An Honest
Days Word
HIS and that to chew on over lunch: How could ESPN
leave Elway off list?I like ESPN's "SportsCentury" list of the greatest North American athletes of the past 100 years. Lists like that are great for conversation.
The network released their top 20 athletes yesterday. I have no quibble with any of them. But the release of the top 20 also brought back the release of the top 100, which had one omission that I hadn't noticed the first time it came out.
No John Elway?
They're kidding, right?
I went through the list again. He wasn't there.
Joe Namath is in there (No. 88) and he couldn't hold John Elway's sweat bands.
Dan Marino is No. 75. He's certainly a great quarterback, holds all those records and all. But he's an even bigger whiner. Watch him some time. Everyone on the team is to blame for screw-ups except himself. Bitch, bitch, bitch.
Bo Jackson, Deion Sanders and George Blanda all made the top 100.
Joe Montana is No. 25 for heaven's sake.
Elway was a better quarterback than Montana (blasphemy, I realize, in this town). Golden Boy Joe was great but if you took Montana off the Niners, they still go to Super Bowls and win -- especially the year they kicked the daylights out of Elway's one-dimensional Broncos.
But take Elway off those Broncos teams and they don't even sniff the Super Bowl. Ever.
Monday's game against the Dolphins was perfect evidence of that.

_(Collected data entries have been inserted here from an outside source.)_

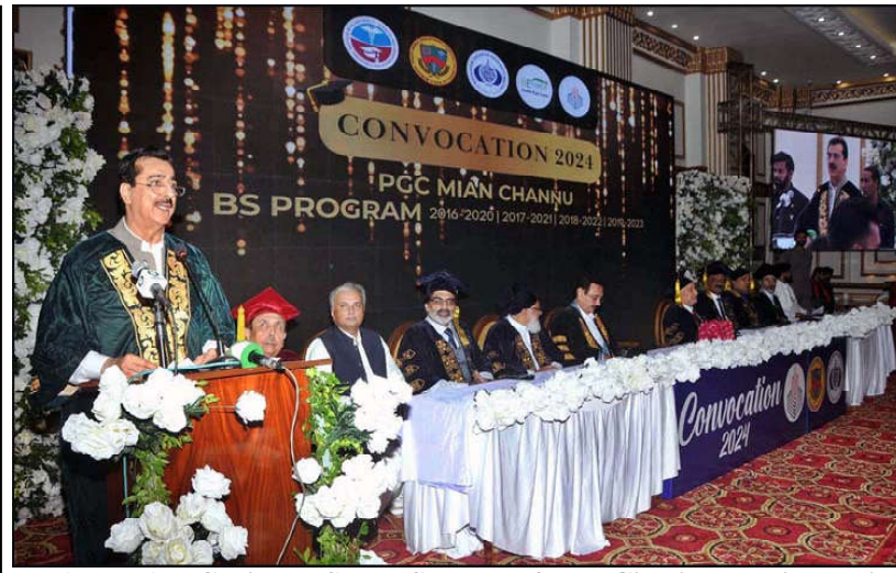
KHANEWAL: Chairman Senate Syed Yusuf Raza Gilani addressing during the Convocation of the Punjab College Mian Channu.

40.8 kg hashish and 2.4 kg opium were recovered in two different operations conducted near M-1 Islamabad while two accused were rounded up. 14.4 kg hashish was recovered from the possession of two suspects netted near Shahrah Wali, Karachi and 8.4 kg hashish was recovered from a motorcyclist intercepted in Sato Katla village near Lahore. Six kg hashish and 1.2 kg opium were recovered from an accused held in Sector G-15, Islamabad. 2.2 kg hashish was recovered from the possession of an accused arrested in Sialkot. Cases under the Anti-Narcotics Act have been registered against all arrested accused and further investigations are under process.
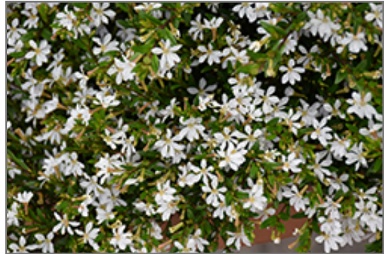
FloriGlory Maria Mexican Heather flowers

FloriGlory Maria Mexican Heather is recommended for the following landscape applications;
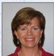
PP Genevieve Carr Youth

Bread Program underway for 2024 Breakfast Club always in need of more assistance. PP Greg recently took a quantity of used car batteries to the recycler.
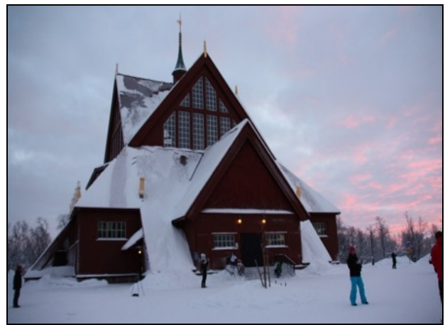
Fig. 2. An antique Evangelical Lutheran church (1909 – 1912) intended to be moved.
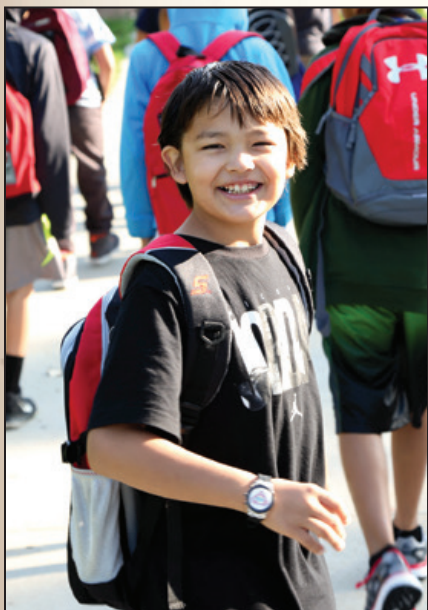
Ready to head out for the school day.

The winter and spring months bring many additional opportunities for our students including basketball, gymnastics, swimming, martial arts, wrestling, archery, dancing dolls, softball, baseball, T-ball and track and field!
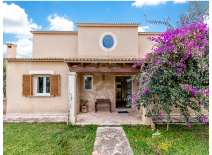
Front view and entrance to the property
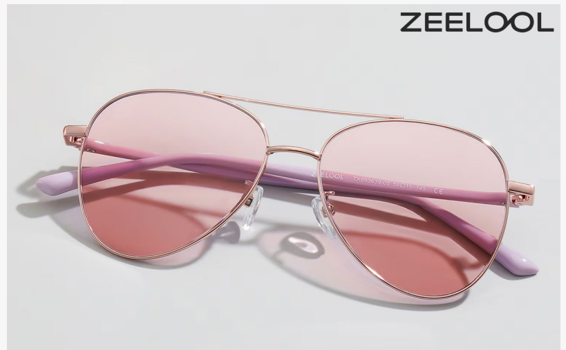
ZEELOOL aviator glasses frames
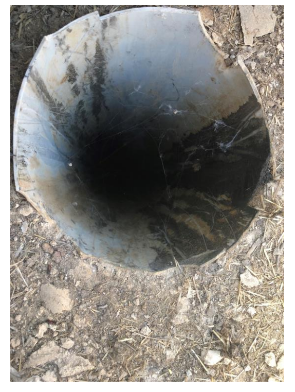
On the left: a sabotaged irrigation well on an abandoned farm just outside Sinune town north of Sinjar mountain. On the right: detail of a sabotaged irrigation well on an abandoned farm just outside Sinune town. The entrance to the well is stained with oil.
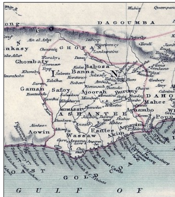
Map of Asante Kingdom c. 19 th century

In the late 1600s, an ethnic 3 subgroup of Akan-speaking people settled and flourished in the area of present-day Ghana. Small chiefdoms such as the Fante, Denkyira, Bono, Akwamu, and Asante all prospered, building wealth by cultivating fertile farmland, securing vast deposits of gold, and maintaining busy trade routes. Of them all, the Denkyira dominated the region, but the Oyoko clan of the Asante saw an opportunity to grow the Asante people's influence.
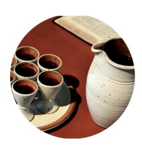
FULL COMMUNION PARTNERS
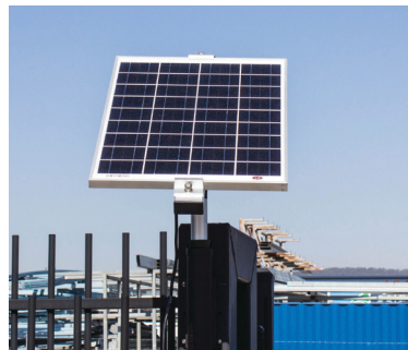
Ideal for rural properties with electric gates & security camera battery charging
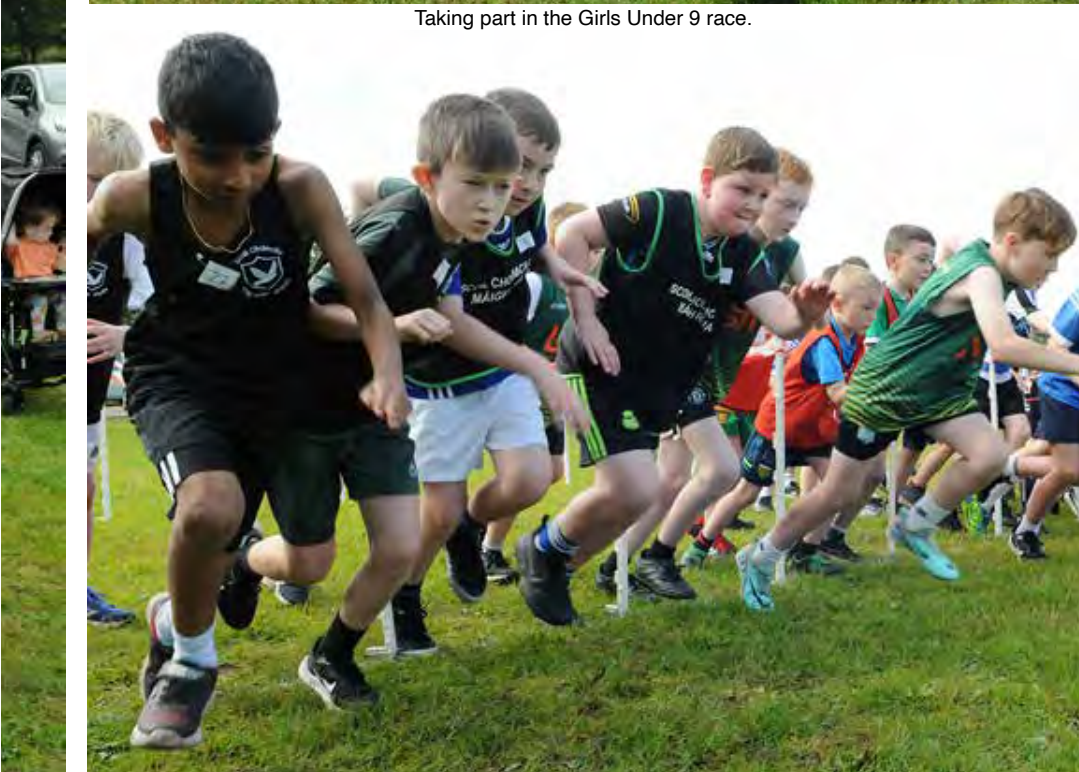
Boys at the start of the U11 cross country race in Milford.
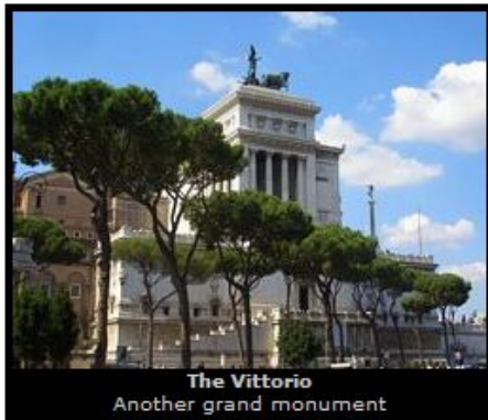
The Vittoriano Another grand monument
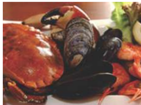
Seafood from the fishmarket in Kristiansand
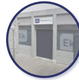
CANARIAS SUBSIDIARY Las Palmas G.C.
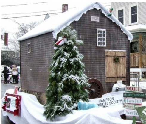
HHS Christmas parade float

Meet in the High Street parking lot at 1 pm. Reservations are requested by calling the Tuck Museum at 603-929-0781. A $10.00 per person fee insures future walks with a brochure of the walk included. This year, 2013, is the 375th anniversary of the town of Hampton. This walk is a great way to get to know your town.
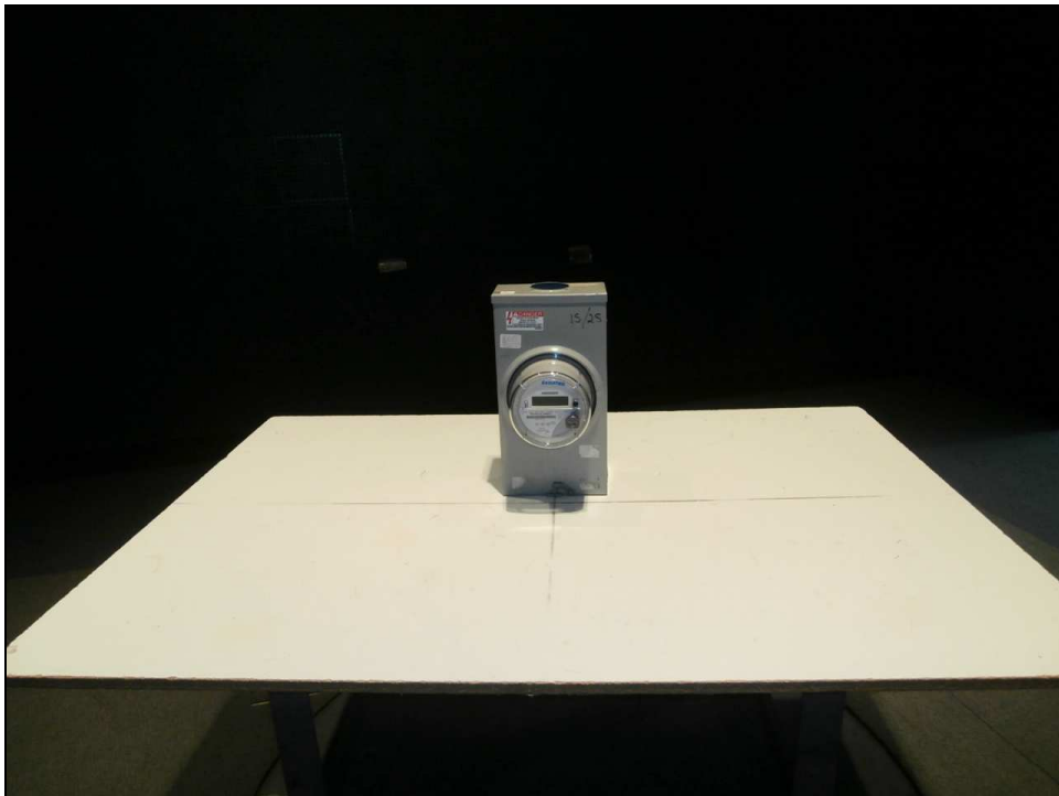
Figure 1: Radiated Emissions – Installed in 1S Meter
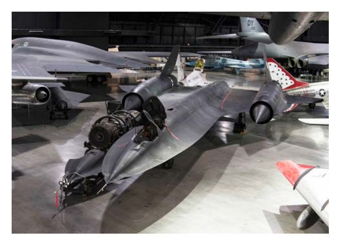
SR-71 BLACKBIRD on display at the National Museum of the US Air Force..

in town. Richardson tells this story in a thorough and engaging way.
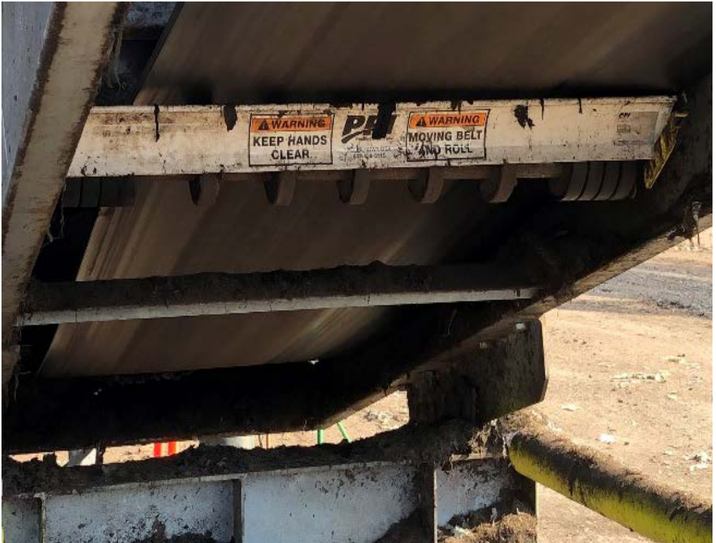
Photo 4: Plastic guard with warning signs that was missing on the return idler roller on the radial stacker conveyor involved in the incident. The photo also shows a rubberized disk idler roller that replaced the steel roller involved in the incident. Disk rollers help minimize material build-up and the need for frequent cleaning.

The employer's LOTO requirement procedure was not specifically designed for the stacker but presented general steps to shut down a machine, deactivate and lock out the energy isolating device, dissipate or restrain stored or residual energy, and disconnect the machine from the energy source. The plant's LOTO station was kept in the operations trailer that was 75 feet from the incident location (photo 5). The stacker's main power switch and E-Stop were located in a central control panel shed near the center of the plant about 70 feet away from the incident location (photos 6 - 10). During LOTO for cleaning, workers used rakes, shovels, metal spade scrapers, and water trucks with hoses to remove hard material that was stuck on the machine.
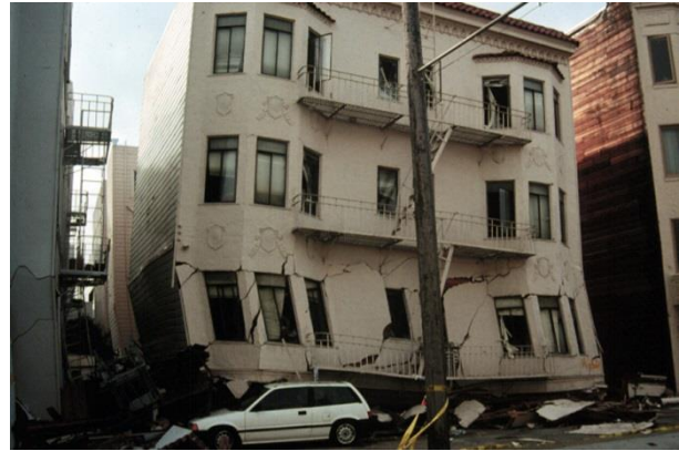
1B. Collapsed 4-story building, San Francisco, Loma Prieta earthquake

Elway was the best, most clutch quarterback in the NFL for the better part of his 16 seasons in the league. Clearly, ESPN screwed this one up.
I wonder if Dan Marino could maybe call them up and chew 'em out a little.
This whole Elway thing reminds me of a New Year's Eve party a few years back, right after Sports Illustrated did its all-time NFL team.
I'm at a friend's house and another guest plops down a couple issues of SI, one of which has the all-time team on its cover.
I'm looking through their picks and notice that Alan Page isn't in there, so I go on a small rant about how obviously the magazine is off-base.
They have Merlin Olsen in there and not Alan Page?
Don't they realize that Page was the first defensive player ever to win the league's Most Valuable Player award (1971)? Years before Lawrence, the Snowman, Taylor did it.
And let's not even mention -- OK, let's do it -- that Page is a respected member of the Minnesota Supreme Court. What's Lawrence Taylor been up to, besides hustling for doses of crack here and there, I went on.
Why, those buffoons at Sports Illustrated really messed this one up.
The guy who dropped the magazines on the coffee table was unassuming and, rightfully, not paying much attention. He went on, talking with the other guests there that night. And, I'm sure neither he nor I thought much more of it.
About 15 minutes later, the host of the party introduces me to the guy.
"Yeah, Joe, this is my neighbor, Kenny Moore.
"He's a writer for Sports Illustrated."
I'm pleased to meet him, naturally, and I just can't wait to get back to that issue of SI to see whose byline is on the all-time NFL team story.
By Kenny Moore.
Ooops.
As I said, those lists are just great for conversation.